What’s going on in the Bad Conditions exception is similar. Certain conditions are going to prevent normal detection. It’s pitch black and you have no light source? Then you can’t see the pit ahead. The room is full of thick smoke? You can’t see through it. If a player suggests how they are trying to overcome an “auto fail” condition like seeing things in pitch blackness and it sounds even slightly reasonable, I will either allow detection or allow a roll to detect. Tapping the floor with a ten-foot pole in a pitch-black corridor automatically detects open pits. Trying to feel the floor with your foot detects the pit, but possibly not soon enough to keep from falling in, requiring a roll. Again, this is going to be one of those 1d6 situation rolls, the same I’d use for surprise conditions, secret doors, or hearing faint noises through thick walls.
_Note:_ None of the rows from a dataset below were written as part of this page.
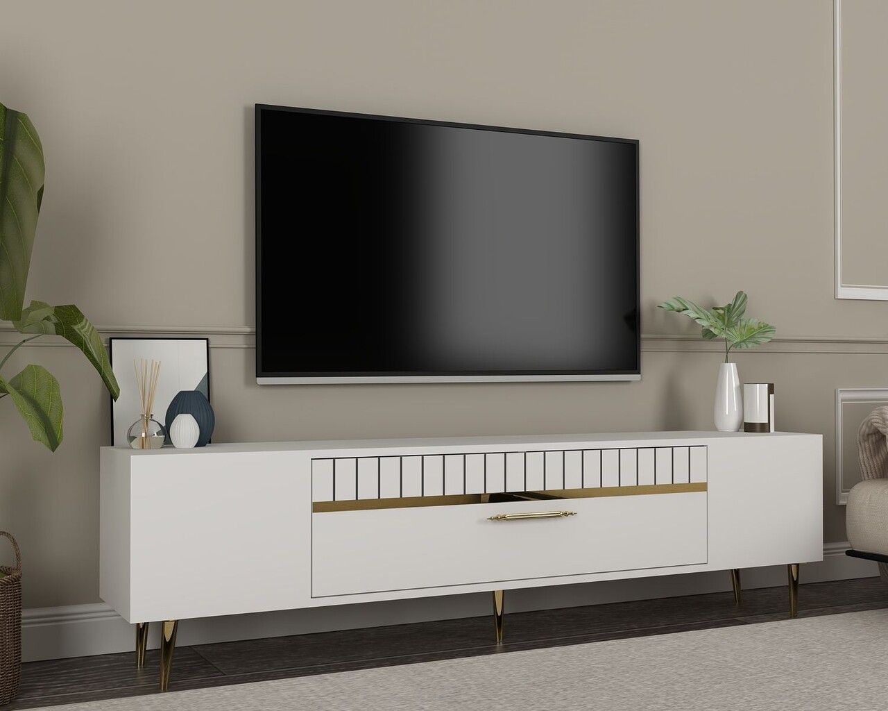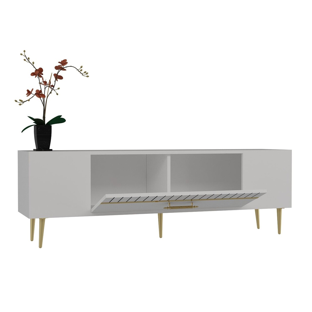 Comoda TV, Olivia, Dekolp1, 150x48x29 cm, PAL, Alb/Auriu
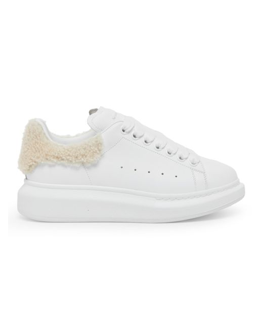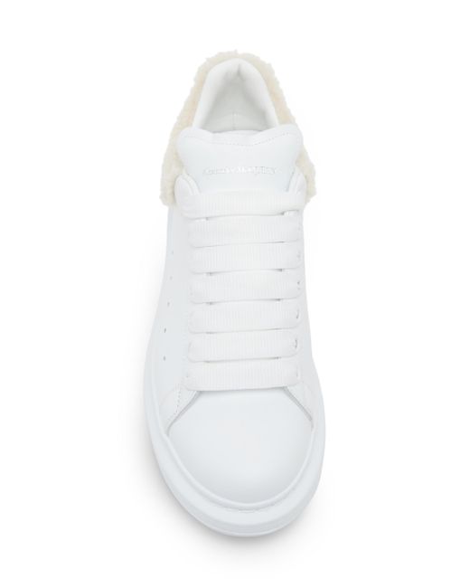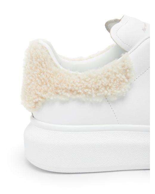Crafted of leather, the McQueen sneakers feature a low-top silhouette with a platform sole. This pair is trimmed with shearling at the heel and features the brand logo in silvertone foil at the tongue. Round toe Lace-up style Leatherupper Shearling trim Rubber sole Fur type: dyed calf shearling Fur origin: Italy Made in Italy ABOUT THE BRAND Visionary designer Lee Alexander McQueen launched his brand in 1992, which quickly became synonymous with cutting-edge, avant-garde design. Creative Director Seán McGirr has continued the designer's legacy, bringing precision craftsmanship and a feminine vision to the label's signature edge. Women's Shoes - Alexander Mcqueen Shoes > Mcqueen > Saks Fifth Avenue. McQueen. Color: White Beige. Size: 6.
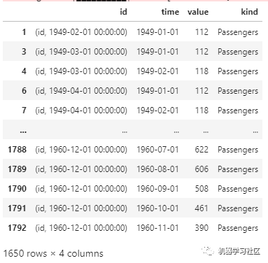 # Use Forecasting frame from tsfresh for rolling forecast training df_shift, y_air = make_forecasting_frame(df_air["Passengers"], kind="Passengers", max_timeshift=12, rolling_direction=1) print(df_shift)
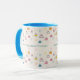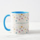 birthday gift coffee mug, whimsical fireworks mug, fun birthday mug design, hand drawn cake mug, colourful celebration mug, cream party theme mug, personalised name mug birthday, cheerful coffee mug gift, cute birthday doodle mug, floating cakes design mug
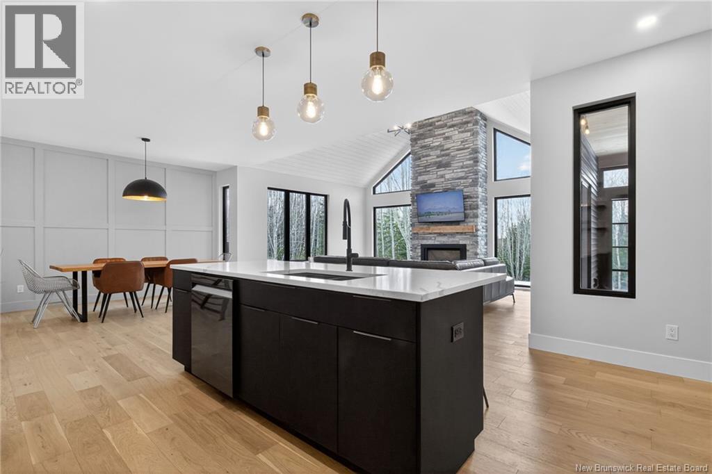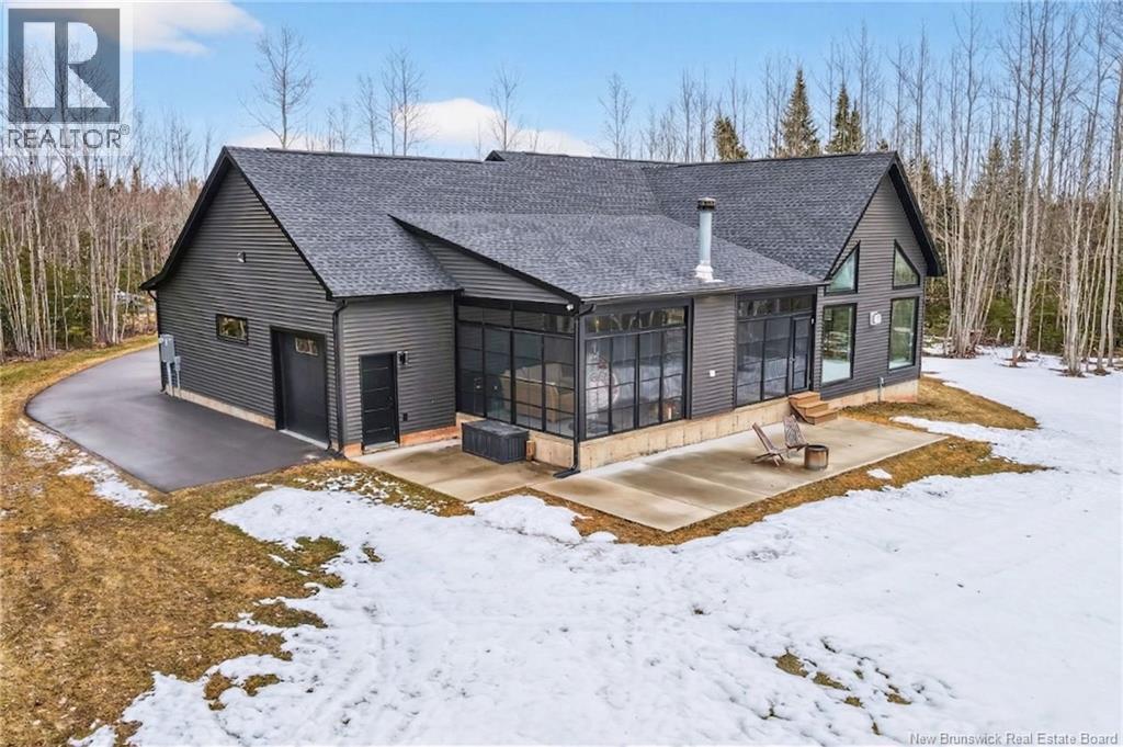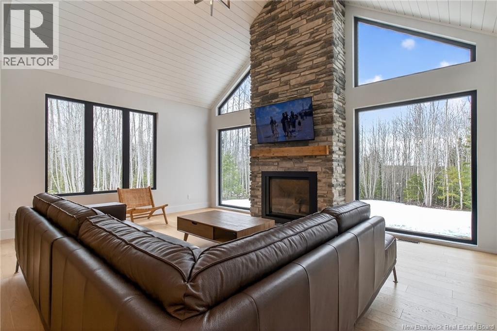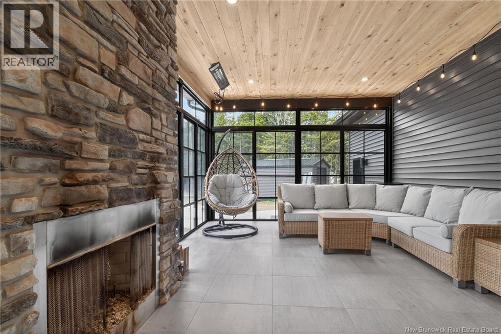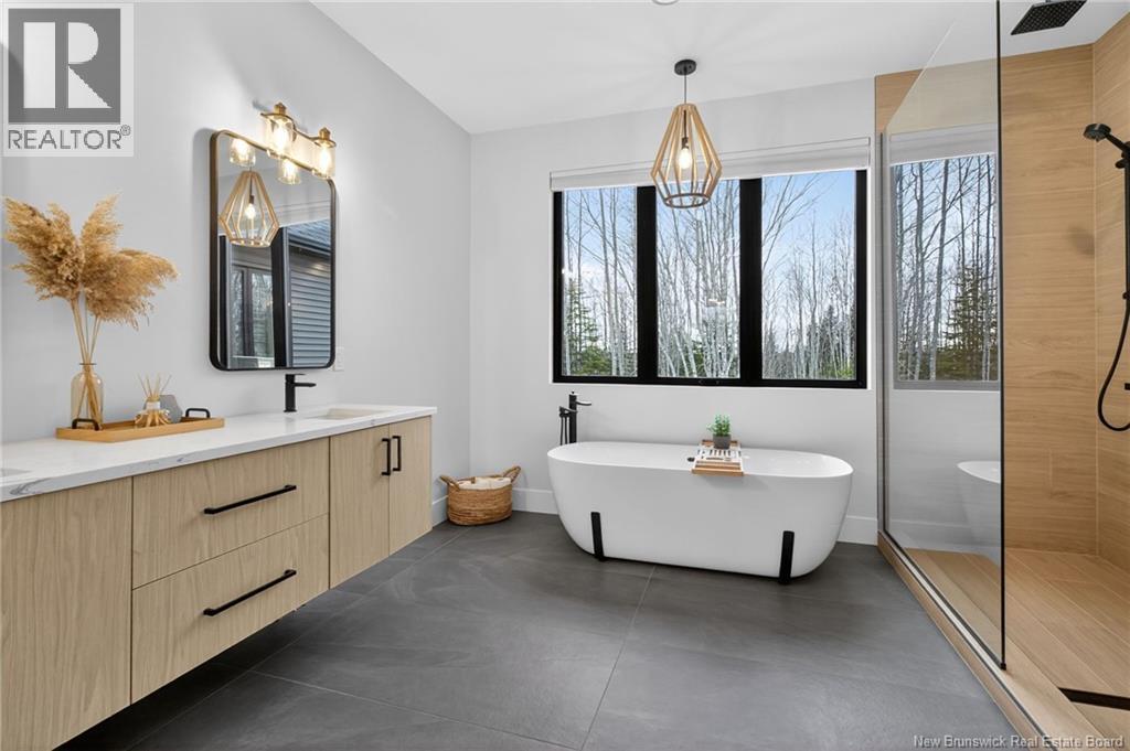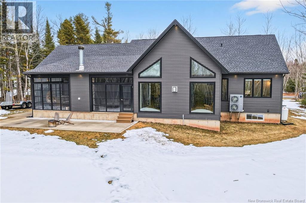*** PRIVATE TREED 1.45 ACRE LOT // MODERN DESIGNED BUNGALOW WITH LARGE ATTACHED GARAGE WITH MINI-SPLIT // STUNNING 3-SEASON ROOM *** Welcome to 45 Vernay in Memramcook, a stunning 2022-built bungalow featuring DUAL-ZONE HEAT PUMP and TRIPLE PANE WINDOWS for exceptional efficiency. Step inside to beautiful ENGINEERED HARDWOOD floors, living room with SHIPLAP CATHEDRAL CEILING and striking STONE ACCENT WALL with PROPANE FIREPLACE, kitchen with QUARTZ COUNTERTOPS, WALK-IN PANTRY, charming dining room, 3-SEASON ROOM, equipped with heaters and cozy WOOD BURNING FIREPLACE, and handy mudroom with plenty of cupboards. On this level also are the primary suite boasting natural light, HIS AND HERS CLOSETS and LUXURIOUS 5pc ENSUITE with custom shower and soaker tub, 2 spacious spare bedrooms, 3pc guest/family bath, and convenient laundry room. A hardwood staircase with custom railing leads to the fully finished basement, featuring vinyl plank flooring, large family room, 4th bedroom with double closets, 4pc bath, designated playroom that could easily be a 5th bedroom (egress window), gym with glass doors, hallway with garage access, and mechanical room with central vacuum. The garage includes 3 doors, its own mini-split, and is finished in TRUSS CORE VINYL, allowing for easy cleaning and even car washing inside. This home is set serenely on a beautifully landscaped lot and features a concrete pad surrounding the 3-season room and a powered baby barn. Amazingly designed inside and out! (id:35613)
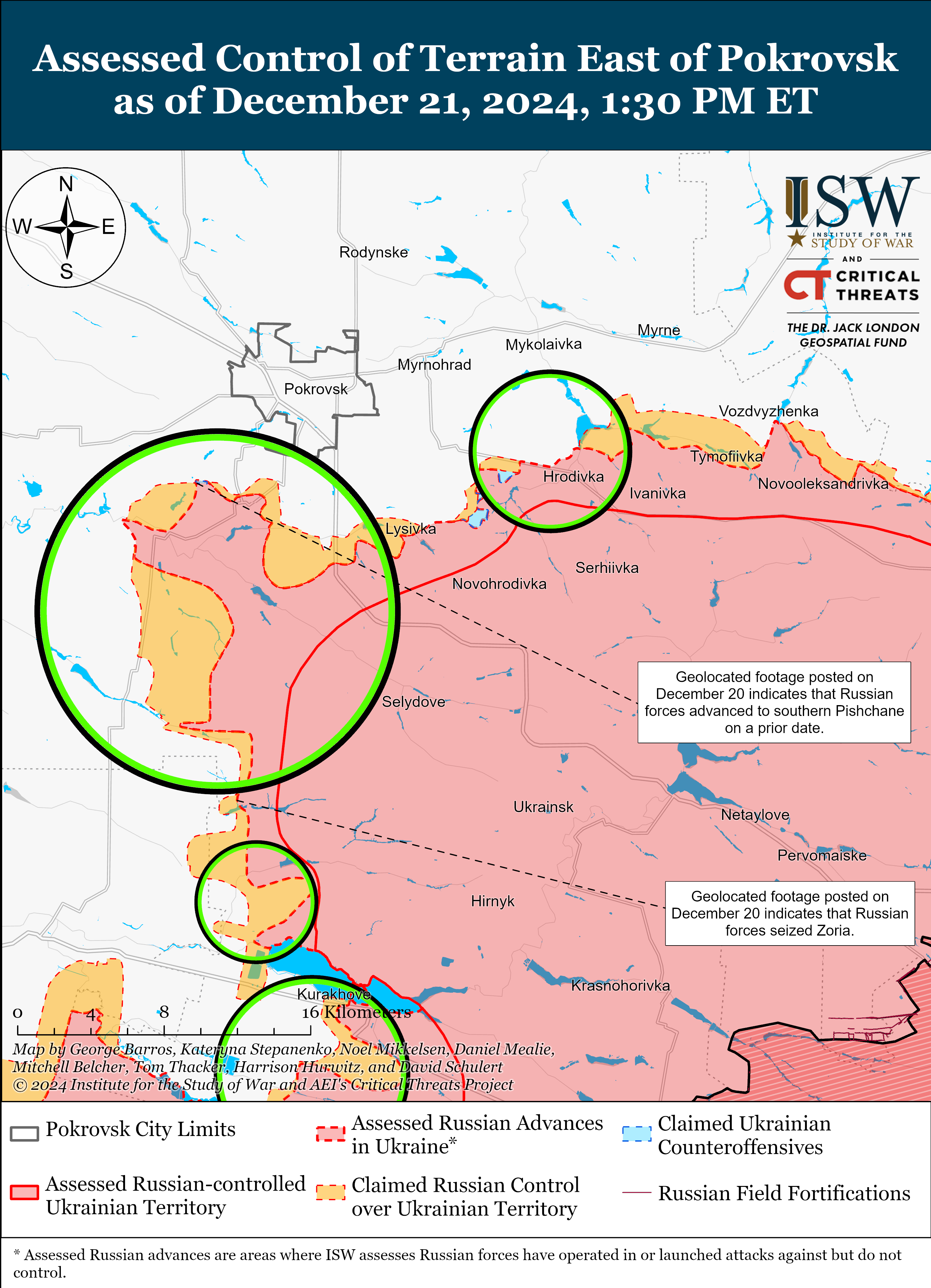 - Російські та українські сили 20 і 21 грудня просунулися на південний захід від Покровська. Геолокаційні кадри показують, що ЗСУ відбили позиції в південному Піщаному (на південний захід від Покровська). Але це свідчить і про те, що росіяни просунулися до цього населеного пункту.

And in some of those cases, I will only allow the roll if the character meets some other condition, including possibly an appropriately high ability. For example, INT 16+ might give a chance of 5+ on 1d6, but exactly which ability is relevant, and when, is highly variable. This might be considered an “ability check”, but only in a very loose sense. The roll itself isn’t adjusted based on ability score, and the bad condition doesn’t determine which ability is relevant. It’s what the player says that matters. If they suggest they should have a chance because of their scholarly studies, INT is relevant. If they suggest it’s because they are unusually bright, I might pick the best score of INT and WIS. If the character’s backstory includes something that sounds like training in the same extreme conditions, I might ignore scores completely and just make the roll. It’s not an ability check, and it’s very, very rare.

And so we get to Knowledge checks, which again in the linked article, I say “no roll is necessary most of the time.” I mention allowing a roll for characters with high INT, but the rationale here is not to represent specific training, but innate intellect. Really smart people might be able to figure something out on the spot, if they are lucky. Again, not an ability check, and not even the norm, in other words, not something I’d even note in a dungeon key most of the time. It’s a guideline for making rulings, not a rule.

The norm for me is always, ALWAYS, skipping rolls and just describing anything the characters ought to know or can easily detect.

Now, that covers a lot of the mental stuff, but what about the physical? I guess I’ll have to keep that for a future post. And judging by some of the comments I’ve already received, there may be a couple such “future posts”.